— EXERCISE DESCRIPTION —
Go to the line holding "深いボルドー色のタッセルが、カーテンを優雅にキュッとまとめました。" in the data below and repeat it exactly, then each line after it up to and including the one holding "The suspension clamp testing". Omit pictures.

— TASK DATA —
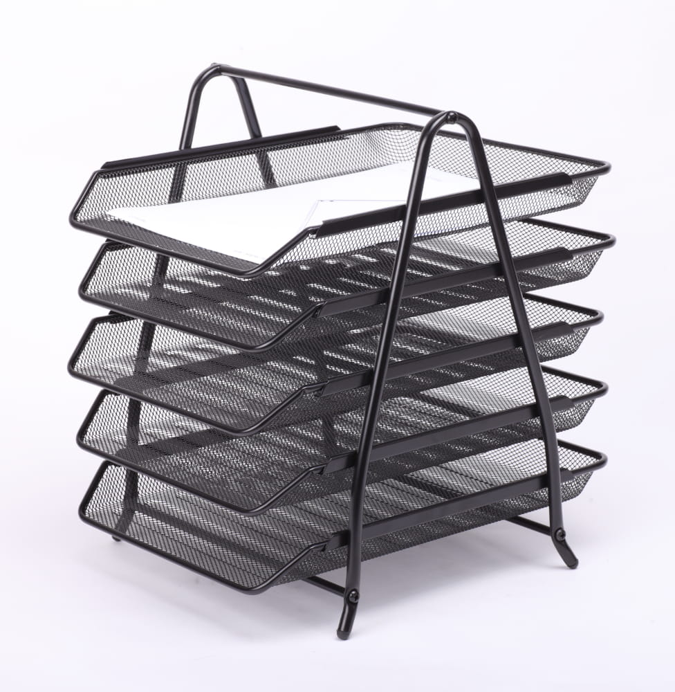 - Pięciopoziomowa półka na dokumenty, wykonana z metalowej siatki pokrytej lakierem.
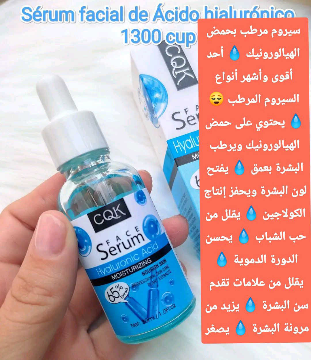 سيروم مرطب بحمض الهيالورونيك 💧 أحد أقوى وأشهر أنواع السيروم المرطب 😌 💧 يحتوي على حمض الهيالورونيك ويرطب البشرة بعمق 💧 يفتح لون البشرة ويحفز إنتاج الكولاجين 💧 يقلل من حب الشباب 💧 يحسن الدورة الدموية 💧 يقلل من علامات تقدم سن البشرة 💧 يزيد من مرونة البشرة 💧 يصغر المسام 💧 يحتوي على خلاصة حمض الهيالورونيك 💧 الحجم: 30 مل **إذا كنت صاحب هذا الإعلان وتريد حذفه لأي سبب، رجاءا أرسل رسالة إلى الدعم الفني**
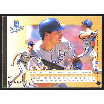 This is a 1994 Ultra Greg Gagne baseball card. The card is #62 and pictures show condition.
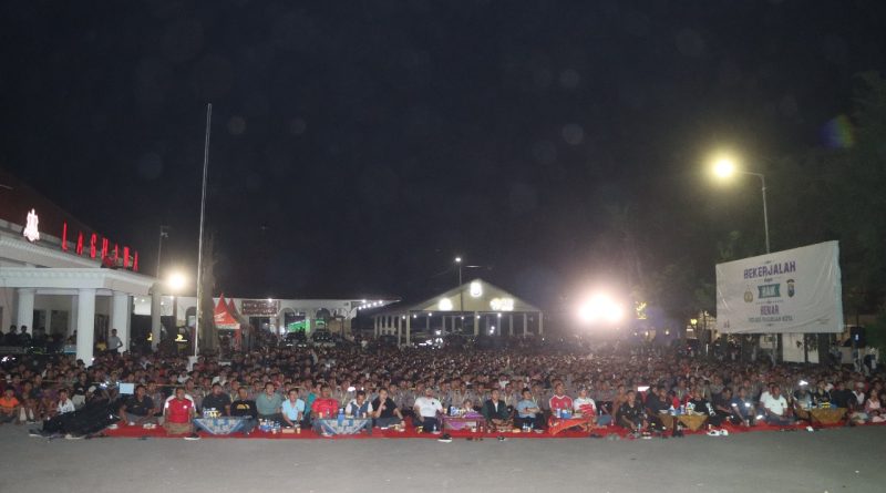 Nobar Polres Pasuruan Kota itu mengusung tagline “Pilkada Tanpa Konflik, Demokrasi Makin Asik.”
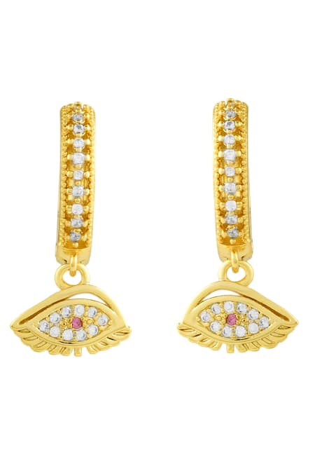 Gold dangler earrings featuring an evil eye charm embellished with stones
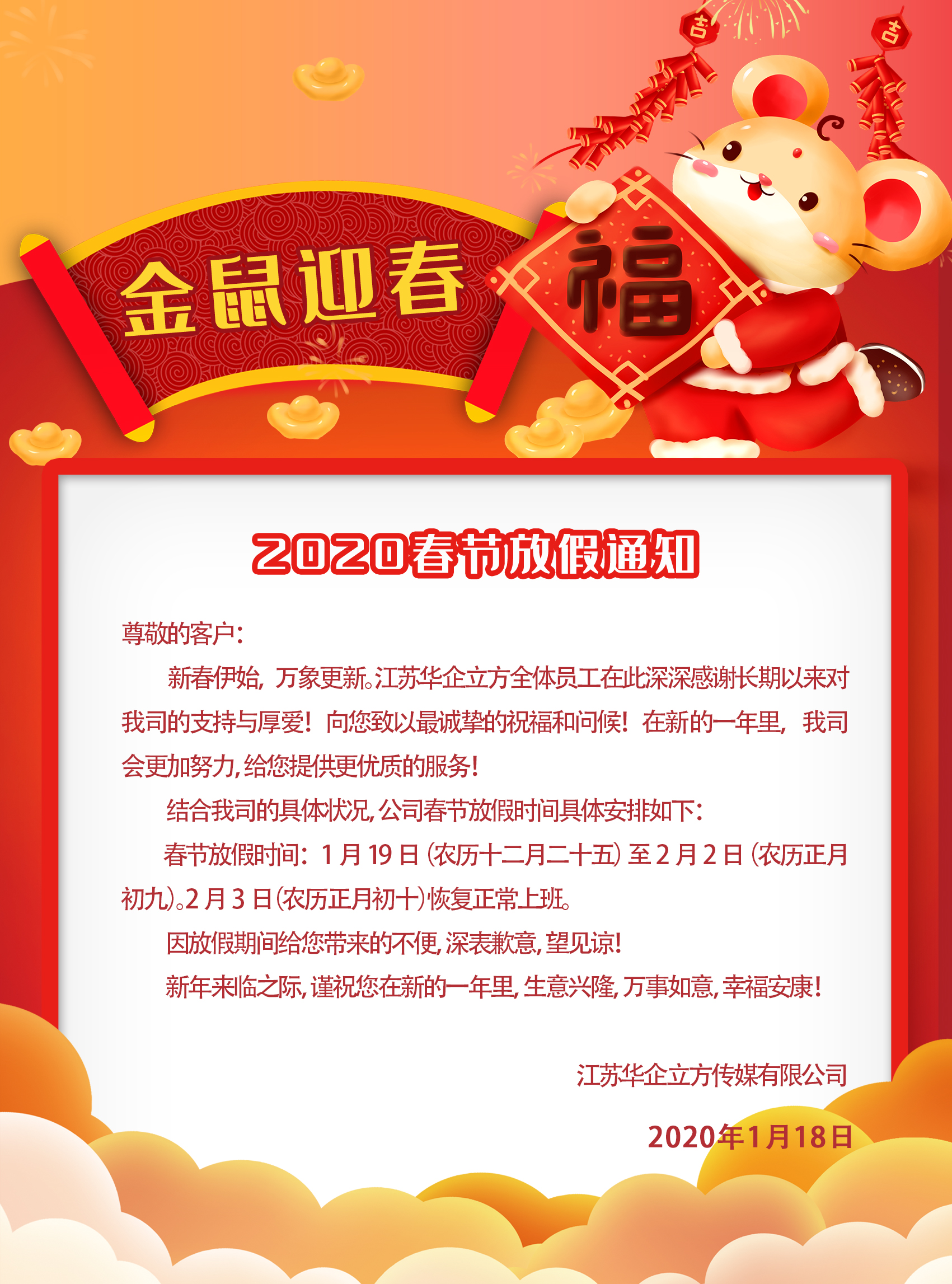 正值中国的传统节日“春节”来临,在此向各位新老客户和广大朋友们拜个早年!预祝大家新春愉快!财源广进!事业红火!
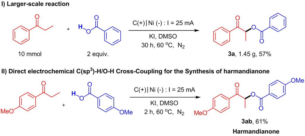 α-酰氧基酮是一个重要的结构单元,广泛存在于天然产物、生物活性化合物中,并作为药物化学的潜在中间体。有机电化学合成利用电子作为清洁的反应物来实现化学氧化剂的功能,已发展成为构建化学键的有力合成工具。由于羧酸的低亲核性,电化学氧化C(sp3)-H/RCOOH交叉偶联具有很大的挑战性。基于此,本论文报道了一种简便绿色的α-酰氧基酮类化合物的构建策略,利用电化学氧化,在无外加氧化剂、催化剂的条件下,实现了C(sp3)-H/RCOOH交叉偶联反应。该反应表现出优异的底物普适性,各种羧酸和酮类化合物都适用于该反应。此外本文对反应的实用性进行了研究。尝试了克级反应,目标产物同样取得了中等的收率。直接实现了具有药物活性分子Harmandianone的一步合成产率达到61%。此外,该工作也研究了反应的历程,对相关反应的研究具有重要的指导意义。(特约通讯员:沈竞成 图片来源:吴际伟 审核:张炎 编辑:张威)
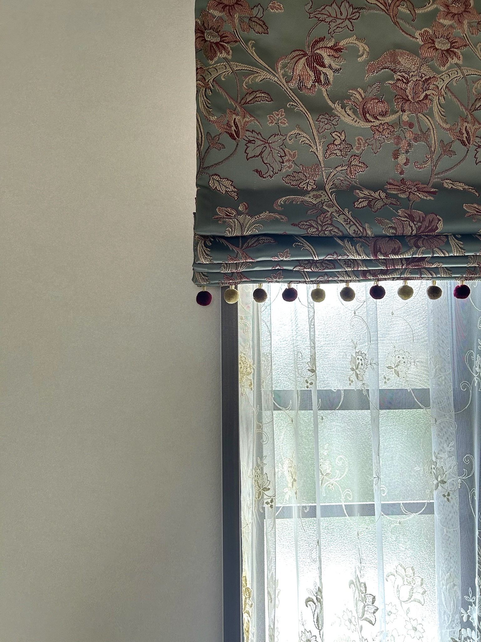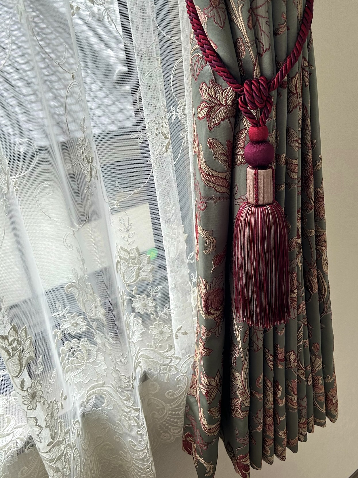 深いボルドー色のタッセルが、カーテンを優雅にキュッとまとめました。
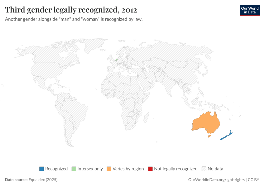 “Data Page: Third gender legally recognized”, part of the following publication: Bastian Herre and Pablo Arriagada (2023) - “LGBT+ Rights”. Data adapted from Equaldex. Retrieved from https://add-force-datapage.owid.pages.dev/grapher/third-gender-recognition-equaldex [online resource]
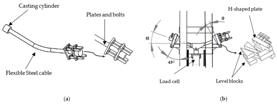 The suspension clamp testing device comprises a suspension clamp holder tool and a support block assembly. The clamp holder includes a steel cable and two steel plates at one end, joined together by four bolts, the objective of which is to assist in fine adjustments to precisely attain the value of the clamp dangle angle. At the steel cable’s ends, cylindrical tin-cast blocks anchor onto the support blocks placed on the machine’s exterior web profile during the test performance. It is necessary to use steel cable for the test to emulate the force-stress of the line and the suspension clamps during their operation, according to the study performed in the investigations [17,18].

* * *

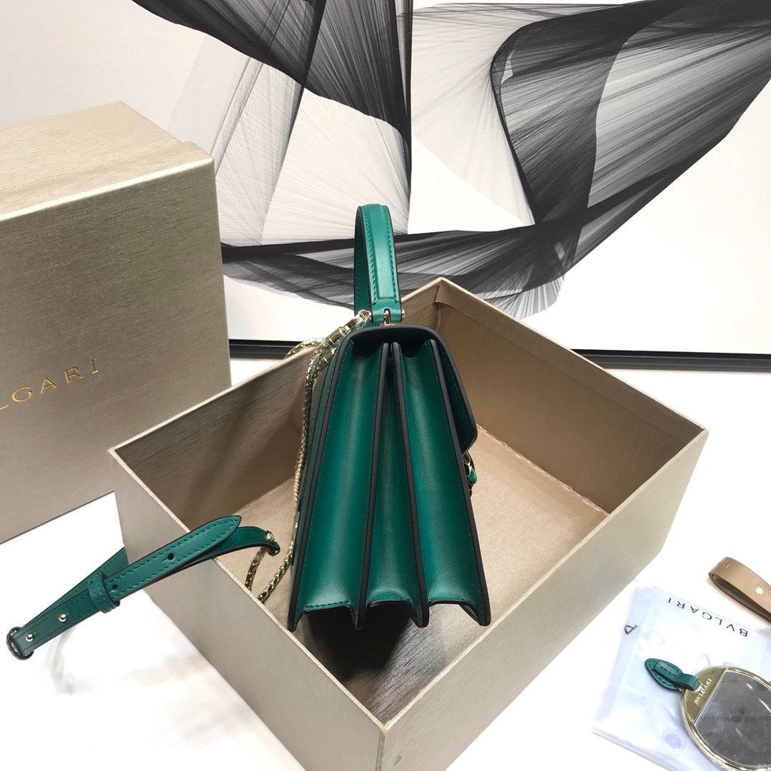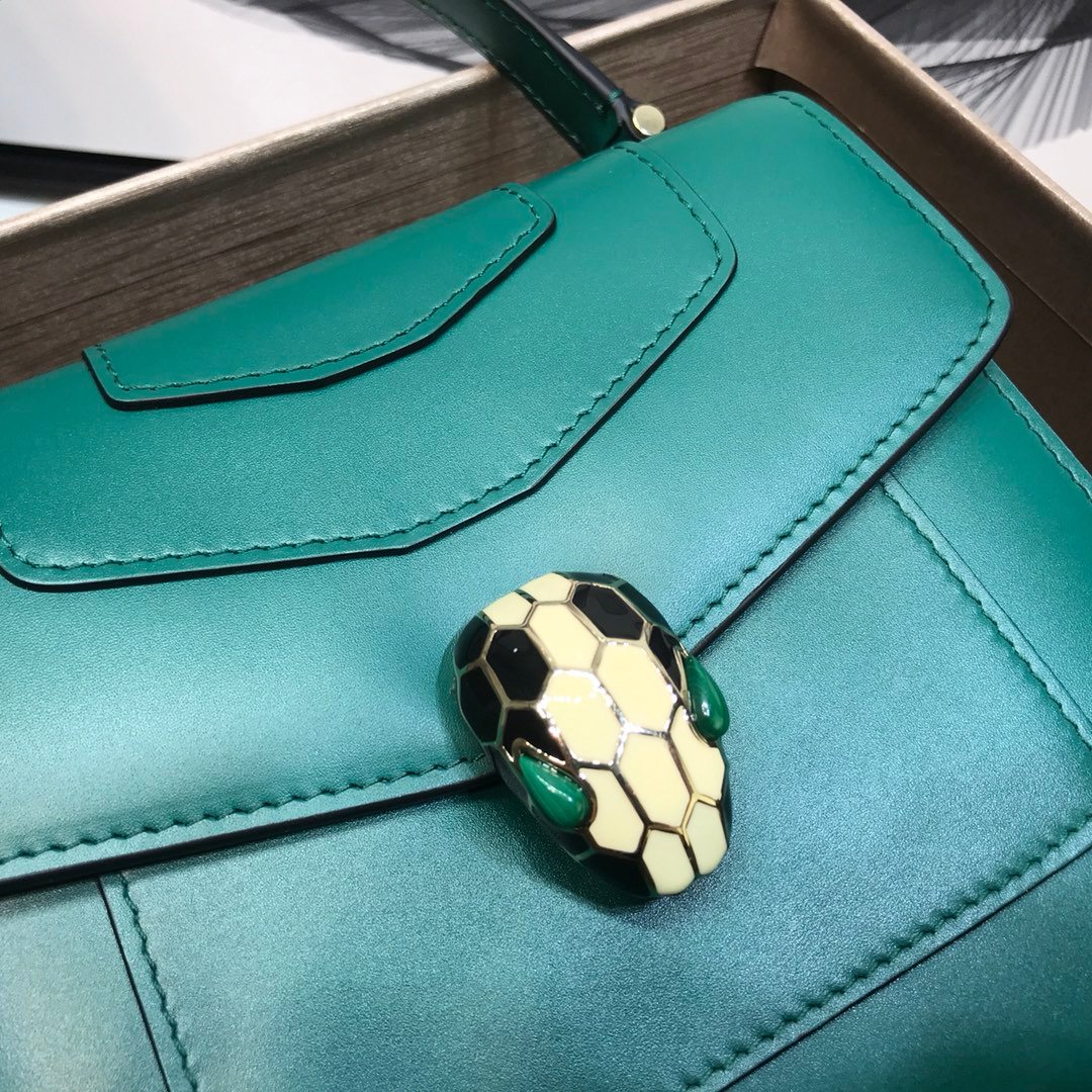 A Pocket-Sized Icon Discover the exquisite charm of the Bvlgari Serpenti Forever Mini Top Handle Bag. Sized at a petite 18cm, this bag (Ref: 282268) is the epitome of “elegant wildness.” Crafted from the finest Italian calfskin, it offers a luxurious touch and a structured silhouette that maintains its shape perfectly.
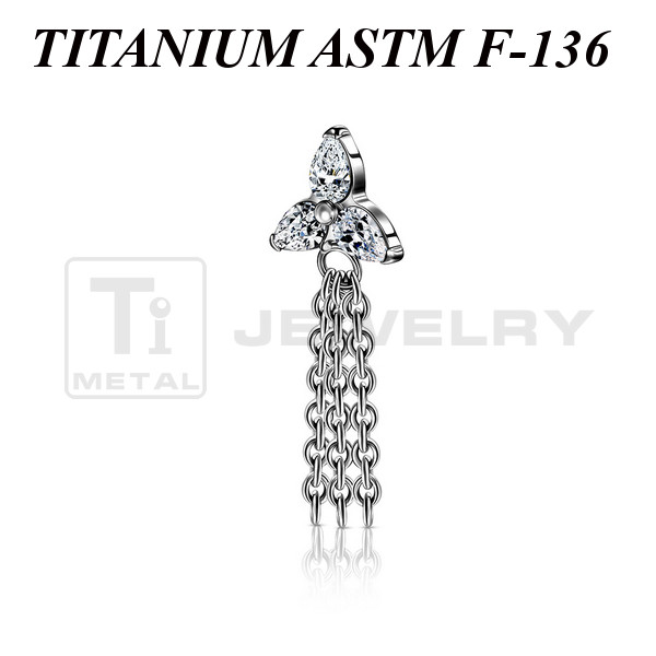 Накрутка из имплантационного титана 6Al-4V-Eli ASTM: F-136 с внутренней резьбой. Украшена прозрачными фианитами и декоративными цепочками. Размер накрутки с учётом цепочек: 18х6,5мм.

— SOLUTION FOR THIS PROBLEM —
 深いボルドー色のタッセルが、カーテンを優雅にキュッとまとめました。
 “Data Page: Third gender legally recognized”, part of the following publication: Bastian Herre and Pablo Arriagada (2023) - “LGBT+ Rights”. Data adapted from Equaldex. Retrieved from https://add-force-datapage.owid.pages.dev/grapher/third-gender-recognition-equaldex [online resource]
 The suspension clamp testing device comprises a suspension clamp holder tool and a support block assembly. The clamp holder includes a steel cable and two steel plates at one end, joined together by four bolts, the objective of which is to assist in fine adjustments to precisely attain the value of the clamp dangle angle. At the steel cable’s ends, cylindrical tin-cast blocks anchor onto the support blocks placed on the machine’s exterior web profile during the test performance. It is necessary to use steel cable for the test to emulate the force-stress of the line and the suspension clamps during their operation, according to the study performed in the investigations [17,18].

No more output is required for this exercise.